Tips from Hanne, Founder of Dollydust Baby Books
You can fill your baby book in many ways; actively during your baby’s first year or you can start writing the book even when your child is bigger. I’ve done it both ways. When I was expecting, I bought a printed baby book for my firstborn, but never finished it. I remember feeling guilty when I no longer remembered the exact milestones mentioned in the book, and it got complicated when photos had to be ordered separately… Well the rest is history and the idea for a customizable baby book was born.
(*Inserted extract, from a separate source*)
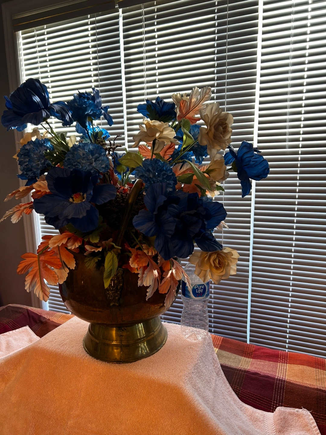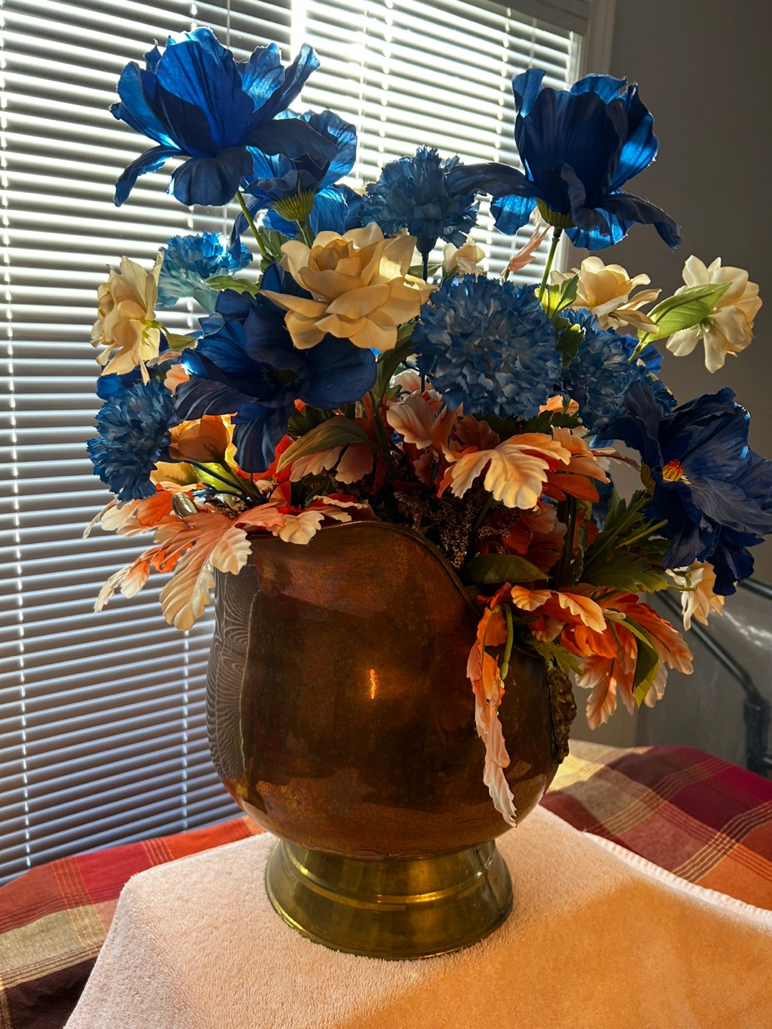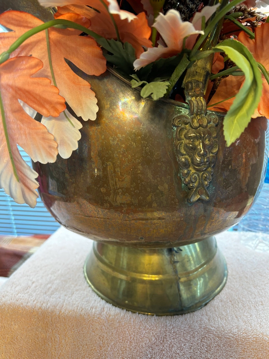 Large vintage planter or vase. Copper body with brass base and lion head handle detail. Shows signs of age and wear. Perfect for displaying flowers or other decor.

When years later I got to finally fill my firstborn’s baby book with the Dollydust book editor, my son was already six years old and I had hardly written down any of his childhood memories apart from a few milestones. As I browsed through my son’s baby photos, suddenly the memories came flooding in, right down to tiny, precious details of what we’d done together and the affectionate nicknames we had for him. I added plenty of photos, stories and a poem printed on his christening invitation to the book. In the end, the book turned out beautiful, and one day he can browse through it to find out what he was like as a baby.
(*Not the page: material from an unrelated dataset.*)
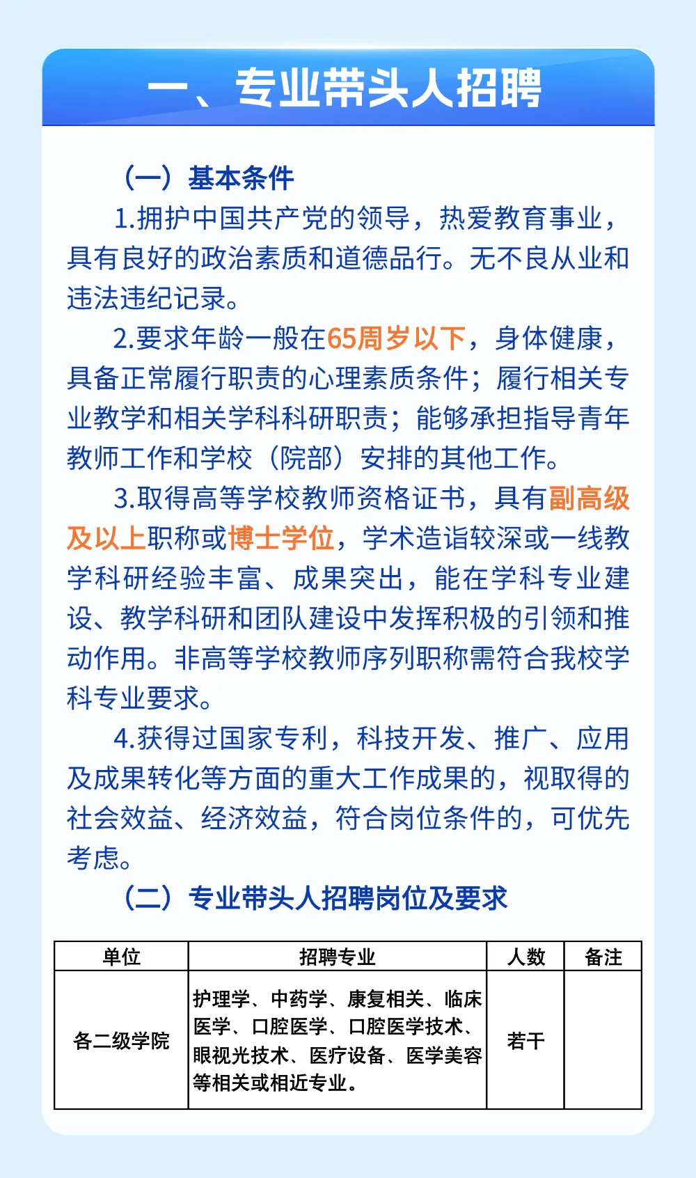 一、招聘基本条件

I began to expect my second child after already developing page templates for Dollydust Baby Books. As I wrote my second child’s story, I got to test how the pages worked and began to fill his baby book already while I was pregnant. I updated his book once a month, taking a monthly photo of him always on the same blanket. His “My Months” pages have been lovely to look back on later. You forget so much so quickly – the sounds your baby makes, favorite things, small everyday details that kindle memories. Also his Monthly Pictures photo series turned out simply charming! In fact, I gave printouts of the series as presents to relatives when he turned one.
My tips for filling in your baby book while your child is still a baby:
* Describing how you felt when you were pregnant and capturing your growing tummy make for precious memories. I really recommend it!
* After your baby is born, you can begin filling in the My Months section once a month (or, say, once every three months if you wish) on how the previous weeks have been. Your child grows at an astounding rate in the first year and gathering a series of pics on a single page (page: Year in Pictures) just shows how much your child has changed in a year! To create a series, try using the same background and focal distance. You can take a look at our Pinterest board My Months for some inspiration.
* Tiny footprints. Take an imprint of your baby’s footprints on a thick piece of paper. You can cut it out and glue it to the book once it’s finished. I painted my baby’s feet with non-toxic children’s paint, which was a pretty messy affair! Only later I discovered that inkless print kits by different suppliers were available online.
* Milestones. You can collect your baby’s milestones on the pages Milestones I and Milestones II; when your baby turned for the first time, first steps, and so on – anything you felt were special moments (you don’t need to record everything!). You can also take a photo with your smartphone and add straight to the book.
* After finishing the My Months pages at the end of your child’s first year, you can easily create more summaries on eating habits, sleeping, bathing, characteristics, etc. Looking at the My Months pages afterwards may suddenly kindle memories for instance on how your baby slept in the first year.
Tips for filling in your baby book later when your child is bigger:
* Don’t feel guilty if you never managed to finish your baby book or start one in the first place! It shouldn’t be a burden that requires remembering every minute detail, but can easily take the form of stories that your child can turn to for answers later on: what they were like as a baby, what they enjoyed, and pics of course. The book is no less valuable if you don’t remember every tiny detail.
* Although it’s not so easy to fill in the My Months pages later on (I left them out from my second book), some time and distance from the baby months gives some perspective: a little later, it’s easier to figure out the baby’s character and write down features that in hindsight could be detected already during the early months. You can easily make a Dollydust Baby Book more into a photo book and choose exactly the templates you want.
A few more tips:
* My mother had glued snippets from the newspaper issued on the day I was born. I forgot to save the newspaper on the days my children were born, but managed to get a copy afterwards by phoning the local newspaper. Also libraries often have digital copies of old newspapers.
* Baby’s Monthly Pics can turn into a stressful ordeal if you try to ambitiously get a pic each month. Even if you begin a lovely series of pics with say a number tied from flowers next to your baby, I recommend taking another, more simple photo without the number as well, just in case you don’t manage to finish the series. When you take a simple pic with a fuss-free (or even the same) background each month, you can easily add a number to the picture later on using our image editor, which comes with plenty of fonts and clip art numbers to choose from.
It’s been heart-warming to notice how much a printed baby book can mean to a small child. They are so interested in themselves, and at the same time, the book shows them just how important they are. My children have never been too interested in looking at photos on the computer, but they do enjoy flicking through their books… And there is something extra special about the feel of real pages between the fingers. A baby book may remain fairly untouched on the bookshelf for many years after the childhood years, but becomes interesting by the time your children have kids of their own at the latest!
Congratulations to you and happy creating!